The former fishing lodge was bought two years ago from Dean and Kathy Wyatt by Nanwakolas — representing the Da’naxda’xw Awaetlala, Mamalilikulla, Tlowitsis, Wei Wai Kum and K’omoks First Nations — with a $6-million investment from Coast Funds, which allocates funds across the Indigenous communities of the Great Bear Rainforest and Haida Gwaii.
“It was a fair chunk of change and one of the great things is it has shown First Nations can work together in ecotourism opportunities when we pool our assets and those of Coast Funds,” Smith said.
The success of the ecolodge can be measured in occupancy rates of 90 to 95 per cent, with the majority of visitors coming from markets such as Europe and Australia.
The Great Bear Rainforest covers 6.4 million hectares on British Columbia’s north and central coast — equivalent in size to Ireland. The land is home to 26 First Nations. The 2006 agreements outlined forest practices for the area, including protecting 70 per cent of old-growth forest.
Coast Funds was established with funding that came through First Nations’ reconciliation agreements with B.C. and Canada, in combination with funding raised through private donations.
In addition to financial help, Coast Funds has provided help with business management and scientific training so community members can learn more about the bears and other wildlife populations.
Knight Inlet Lodge now offers 13 wildlife viewing opportunities with seven bear viewing stands, an array of small boats that take visitors up spawning channels for a closer look at the bears and 52 wildlife cameras — down from 57 as five were destroyed by wolves or bears.
As much effort is put into bear monitoring and gaining a better understanding of bear life cycles, diet and migration routes as is put into offering a good experience for customers, Smith said.
“We make sure that we are not having an impact on bear health and there are not too many boats crowding into the same inlet. You are not even allowed to sneak a cookie into the boat,” Smith said.
Four Guardian Watchmen have been trained for Knight Inlet, with another three in training, and the monitoring program is a model for managing the surrounding territories.

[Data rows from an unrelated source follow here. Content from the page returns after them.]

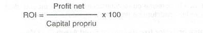 4. Rentabilitatea capitalului propriu { ROI - Return on investment) ROI mai e cunoscut si ca Return on Equity. El reprezinta unul din cei mai importanti indicatori ai profitabilitatii, fiind folosit de proprietarii unei companii sau potentialii finantatori in luarea unei decizii de investitie. Se calculeaza pe baza raportului:
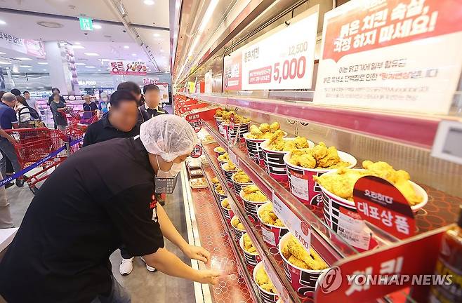 (서울=연합뉴스) 진연수 기자 = 롯데마트가 다음달 9일까지 2주간 '통큰 세일'을 진행한다고 밝혔다. 특히 '통큰치킨' 한 마리를 행사카드로 결제하면 2010년과 같은 가격인 5천원에 제공한다. 사진은 26일 서울 중구 롯데마트 제타플렉스 서울역점에서 통큰치킨을 구매하는 시민들. 2025.6.26
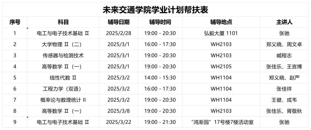 本次学业帮扶覆盖2022、2023、2024三个年级的全体公共课和专业课,志愿者对《传感器与检测技术》《大学物理 II (二)》《工程力学 (双语)》《高等数学 II (一)》等8门重难点科目进行“点面”形式辅导,精准对接学生的多元化学习需要与补考准备诉求,带领同学们详细梳理课程的重点知识,讲解考试的常见题型与答题技巧,锻炼同学们的解题思维与逻辑能力。无论是集体辅导还是个性化的一对一指导,志愿者均展现出极高专业热忱与敬业精神,为同学们提供了涵盖课程重点难点剖析、学习方法与技巧传授在内的全方位、定制化学习支持,有力保障其在补考中的成功通过率。
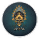 Golden Skull och dess Cosmic Secrets. Skallen sitter i stort mot en oändlig, blå bakgrund som påminner om universums mystik. Dess skakande guld avspeglar stjärnornas ljus, ge det till en nästan övernaturlig aura. En cirkulär ram svävar ovanför skallen och avslöjade en himmelsk scen: ett strålande sol vars gyllene strålar härjar i mörkret, planeter i majestät och mousserande stjärnor som lyser som diamanter i himmel nattetid.
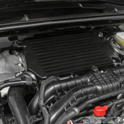 The intercooler uses a large, motorsport-grade core to effectively increase the heat-exchange surface area.
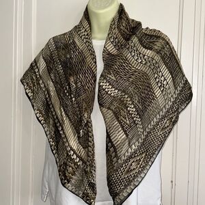 Adrienne Vittadini very large brown, cream & tan multi patterned silk scarf
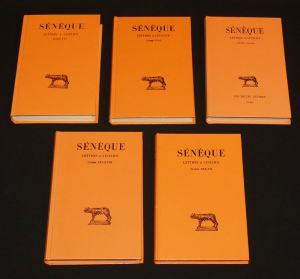 Cinq volumes in-12 (13,5 x 20 cm), cartonnés, texte latin avec la traduction française en regard, complet en cinq volumes, imprimés respectivement en 1985, 1987, 1989, 1987 et 1979 ; dos du 3e volume un peu insolé, par ailleurs très bon état général.
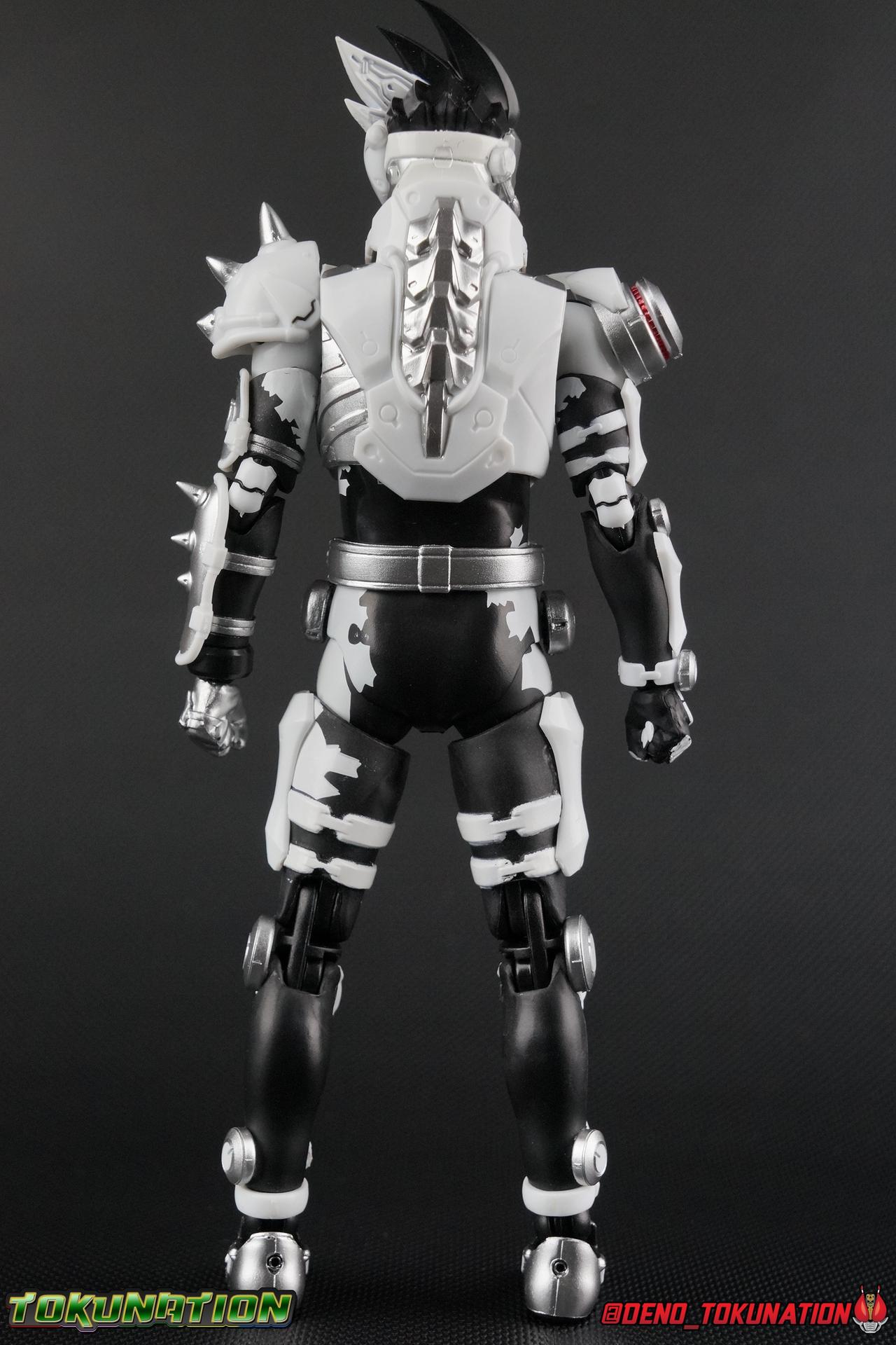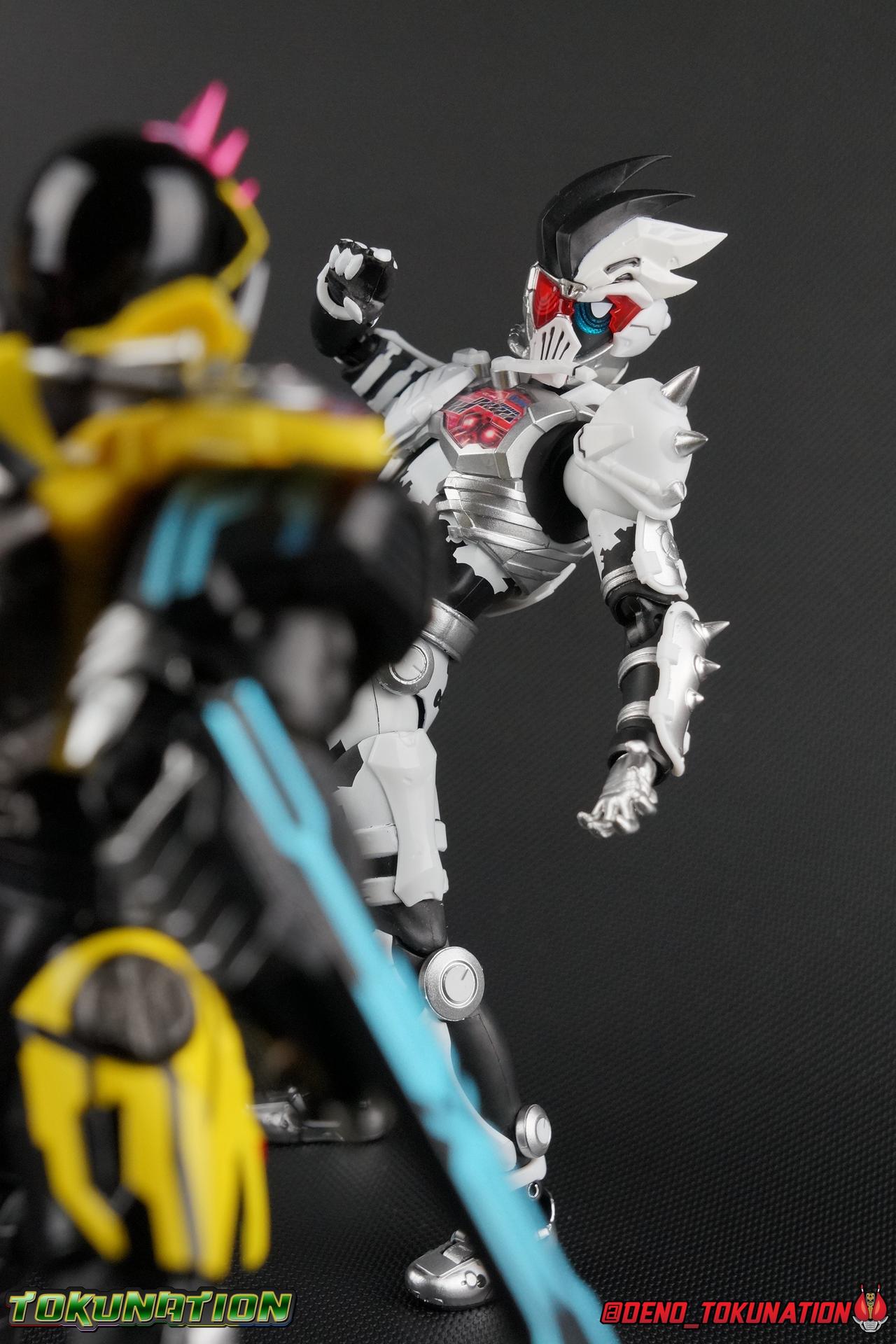 We've waited so very long for the one true hero to arrive. Finally, months after the end of Kamen Rider Ex-Aid, the first figuart of the one and only god himself Kuroto Dan has arrived! While Bandai has opted to go with (arguably) Kuroto's most popular and beloved form first, they did also just release his Level 2 Action Gamer form as a Tamashii Nations 2017 exclusive. Using the data of death, his own in fact, Kuroto Dan has become the Dangerous Zombie! This is our gallery of the excellent S.H. Figuarts Kamen Rider GenM Zombie Action Gamer Level X! Packaging GenM Level X comes in what is now standard packaging for Ex-Aid Web Exclusives. It's not nearly as right or loud, but it's a theme I still really dig. With no packaging window as all web exclusives are these days. As with the others the colors pop well and I like the character portrait on the front. That's about all there is to say on this one. Main Figure This figure was easily one of my most anticipated releases this year. The suit design for Level X is truly brilliant. It strikes the perfect balance of chaos and order as well as good an evil. Playing perfectly into Kuroto's nature and personality. This figure is an exquisite execution of the design. If you never immediately noticed this before, Zombie Gamer's design is very much based on a skeleton. It's easy to just see the black & white and not look at the finer details. But if you take a second glance, one of the most notable aspects of this is in the legs, where we begin. The shins themselves are actually bones. A majority of the rest of the design is more subtle, but I love how the shins look. I have a slight issue with how they protrude out just far enough at the bottom to mess with the forward motion of the ankles. I was able to get GenM into some very very precarious poses for this gallery. But it took an exorbitant amount of trial and error to do so. I will say I'm pretty disappointed in the quality of the paint work on the legs themselves though. The white bands around the hips and the black accenting them is very poorly applied on my copy, there almost appears to be a white haze over the black paint and several white flecks as well. GenM Level X marks the first instance of the Buggle Driver for Ex-Aid figuarts as well. It also marks a change in how Gashats are handled. The finer details of the Driver are a bit soft for my tastes, particuarly on the buttons on the front. But the paint work is really great, and the readout on the driver is very sharp.The Dangerous Zombie Gashat is very much like previous SHF Gashats, in that it is a dummy piece with just the handle and upper portion to plug into the Driver. However it is also substantially smaller than Gashats present in Gamer Drivers for reasons I don't understand. I tried recreating GenM Level 0X at the tail end of this gallery using Ex-Aids Drivers so you should be able to see the size difference. Of note, you can't just create Level 0X by doing this swap. Standard Level X's Rider Gauge is totally different. Speaking of the chest, the details on the Rider Gauage are actually really really nice. Bandai's label work has massively improved since the old Kiwami Arms debacle. Every Ex-Aid rider so far has had really crisp Rider Gauges and GenM Level X is no different. I particularly like the two bars just under the neck of the figure that simulate clavicle bones as well. These are actually hinged to move for some reason, but they never really get in the way of anything. On the flip side of the torso I am in LOVE with the details for GenM's spine. They just sell that skeletal nature of the design all that much more. GenM's arms are about as standard as you can get, Nothing too terribly special, the paint work is much nicer than the legs thankfully. The right shoulder pad bugs me just enough because it's easy to pop off the joint. But that's a minor gripe. Finally, that, head. That absolutely gorgeous sculpt. That broken visor and exposed eye. Bandai nailed that headsculpt perfectly. Being able to arch the head back or crane it over tot either side again helps sell the maniacal nature of this form. Overall GenM has very standard articulation as well, with just enough extra play in the joints to pull off some great menacing zombie poses very reminiscent of what we saw in the TV series. Accessories Kuroto comes with the perfect accessories to remind you of just how evil he was at an early point in the series: 5 - sets of additional hands. I love how the right hands have that skeletal paint work on the back of them. I honestly never noticed it til I had this figure in hand and I just LOVE little details like that. I think some of these sets could look a little more menacing and expressive but they do get the point across of who and what Dan was at this point in his (first) life. There's a few pairs of open hands in various poses as well as two pairs to hold the included weapons in either mode. 1 - Gashcaon Sparrow. The trademark weapon of Kamen Rider Lazer Level 3, and later his Lazer Turbo form. This was a trophy that Dan kept for himself after he killed Kiriya. The fact that this accessory is included with the GenM figuart instead of an actual Lazer one is just deliciously satisfying. The two halves can plug together in the middle by way of a small white tab. This hardly ever works on mine. It's a terrible part fit so the two halves constantly force each other apart, so that's frustrating. Alternatively the two can be held in the Sickle Modes instead. That's it for accessories but that's honestly perfect. The pipe dream would have been to include a Gamer Driver and Gashacon Breaker for GenM Level 0X. But the chest gauge would have had to be different as well. So that's understandable. I expect to see Level 0X released fully on it's own at some point as well. Final Thoughts I, like many collectors, heavily anticipated the release of this figure. Kuroto Dan is to many myself included, easily the most memorable and interesting ch

Indigenous-led guardian programs empower communities to manage ancestral lands according to traditional laws and values.
Knight Inlet is an example of the achievements of the conservation finance funds, which promote community well-being and Indigenous-led sustainable development and stewardship, Brodie Guy, Coast Funds executive director, told The Narwhal.
Over the last decade, more than 1,000 permanent jobs have been created, 100 businesses have been developed or expanded and 14 regional monitoring and Guardian Watchmen programs, operating across 2.5 million hectares, have been created or expanded, according to a Coast Funds report released this week.

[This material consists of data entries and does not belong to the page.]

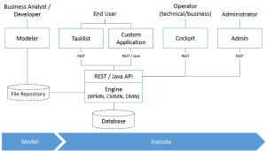 کاموندا یک پلتفرم مبتنی بر جاوا است و برای گردش کار و اتوماسیون فرآیند از نمادگذاری BPMN، برای مدیریت پرونده ها از CMMN و برای مدیریت تصمیم گیری کسب و کار ازDMN پشتیبانی میکند. در این مطلب اطلاعاتی در مورد ویژگی های ارائه شده توسط پلتفرم Camunda BPM گرد آوری شده است. تصویر زیر برای نمایش کلی کاموندا (Camunda)، مهمترین مؤلفه ها و برخی از نقش های یک کاربر معمولی را نشان داده است.
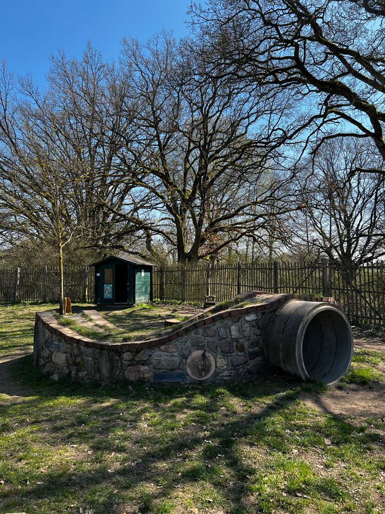 Klein aber schön gemacht, Tunnelröhre/ kl.Hügel, Slalomstangen usw. Zutritt über eine Art "Schleuse" (Doppelgatter, um Weglaufen zu verhindern)
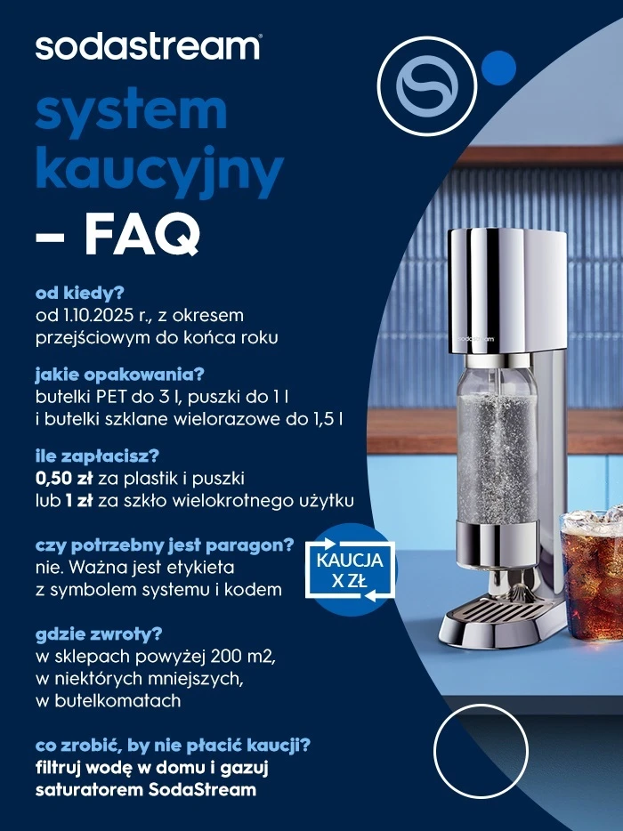 Jeśli jednak ktoś naprawdę nie chce składować pustych butelek i odnosić ich do sklepu, są sposoby, by z systemu po prostu… nie korzystać. Najprostszym rozwiązaniem jest filtrowanie wody w domu i przygotowywanie napojów samodzielnie. Jeśli zaś lubisz wodę z bąbelkami albo słodkie napoje gazowane, idealnym rozwiązaniem będzie saturator SodaStream, który pozwala gazować wodę w wielorazowych butelkach (ich trwałość to ok. 4 lata!) – bez kaucji, bez plastikowych odpadów i bez dźwigania zgrzewek. Marka oferuje też szeroką gamę syropów smakowych, dzięki którym możesz w kilka sekund przygotować ulubiony napój: od klasycznej Pepsi, przez Mirindę, 7UP, napoje owocowe, ice tea, aż po energetyki.

Funding approved for 353 projects has attracted more than $286 million in new investment to the region between 2008 and 2018 and every dollar spent by Coast Funds leverages three or four dollars, according to the report.
“We are demonstrating that conservation finance, led by Indigenous people, is the key to protecting the world’s most precious ecosystems, such as the Great Bear Rainforest and Haida Gwaii,” Guy said.

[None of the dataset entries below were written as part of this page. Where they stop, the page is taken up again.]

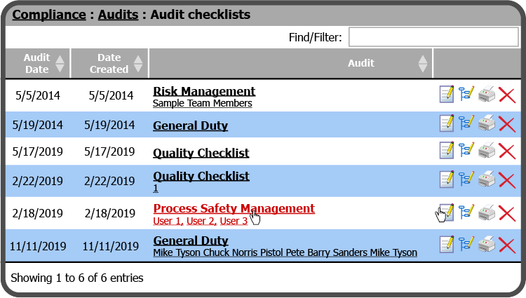 To open an Audit Checklist, select the underlined Audit Checklist Title or the Edit Icon
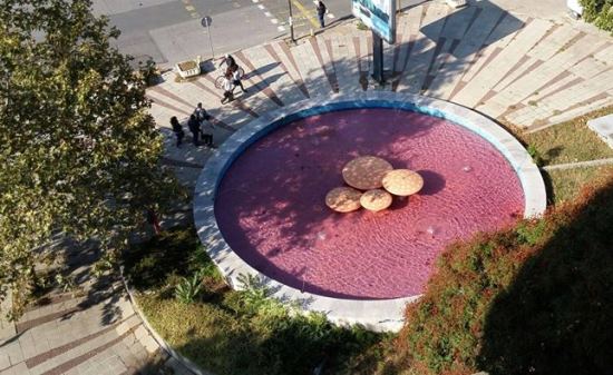 Фонтанът на бул. Демокрация, в жк Лазур в Бургас се оцвети в розово. Това се вижда на фотоса, сниман отвисоко от журналиста Стефан Баев.
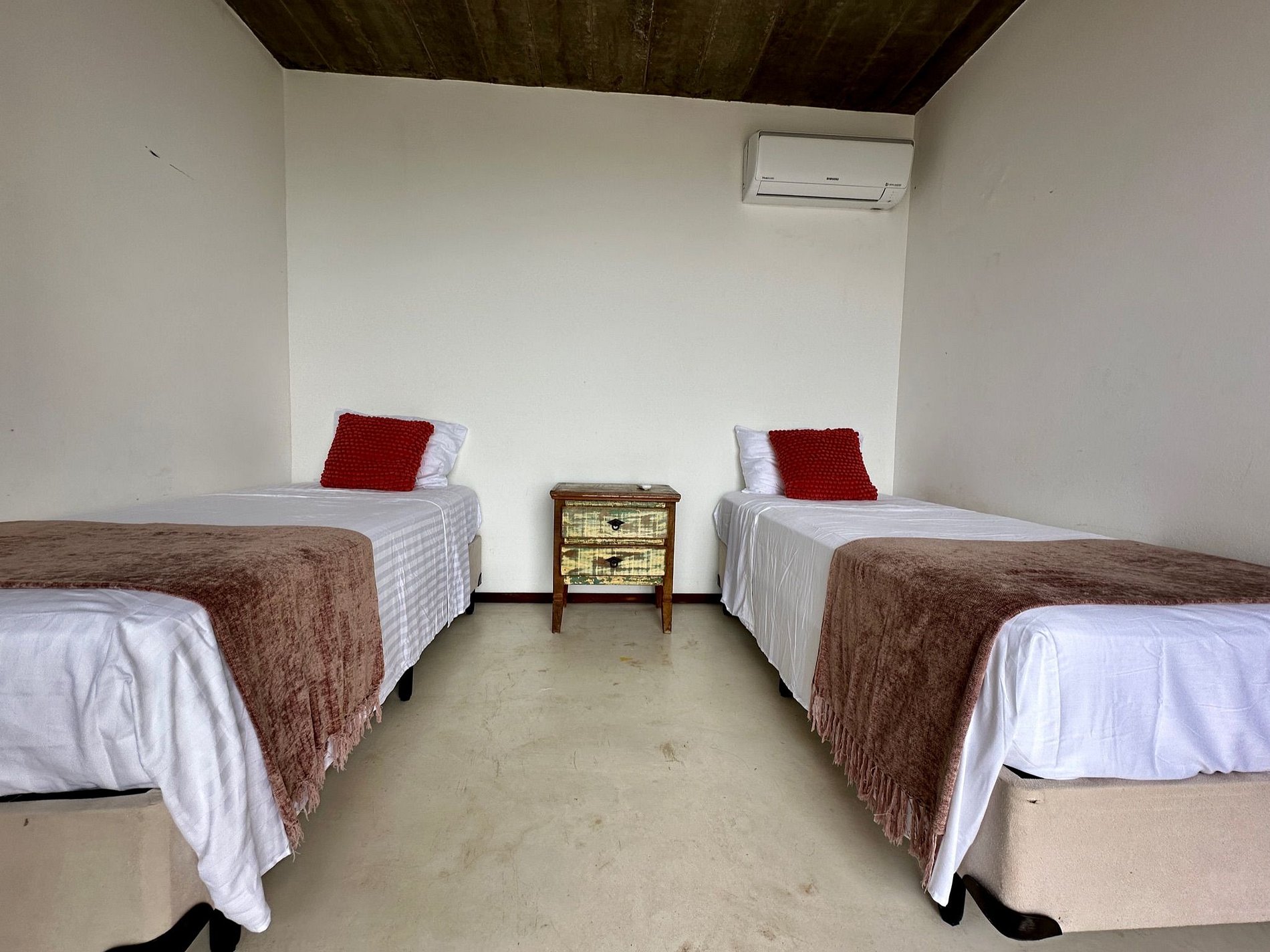 Suíte 4 (térrea) - 2 camas de solteiro, com acesso à varanda e à uma cama de para massagem ao ar-livre;

One key is that funding is allocated across the communities, rather than one big pot, so it avoids the gold rush mentality or competition between First Nations, Guy told The Narwhal.
“It’s completely up to the nation based on their vision for moving forward and their stewardship of the land and water in this period of — hopefully — decolonization,” he said.
Initiatives include more than 220 species research and habitat restoration programs, 71 projects involving access to traditional foods and 50 protecting cultural assets.
The larger projects range from a renovated grocery store in remote Rivers Inlet to a unique sustainable scallop project and, so far, of the more than 100 businesses started or expanded, only four have failed, Guy said.
Most are community owned and the low failure rate demonstrates the strategic, strong and smart leadership of First Nations applying for projects, he said.
“We are moving away from a totally extractive economy with publicly traded companies coming into the Great Bear Rainforest and Haida Gwaii and extracting value and leaving little value there,” Guy said, underlining that a new way of doing business has taken root.
“We are shifting from an extractive and exploitative model of development to one that has benefits for everyone. It’s not just Indigenous people that are benefitting. It’s everyone of the Central Coast,” he said.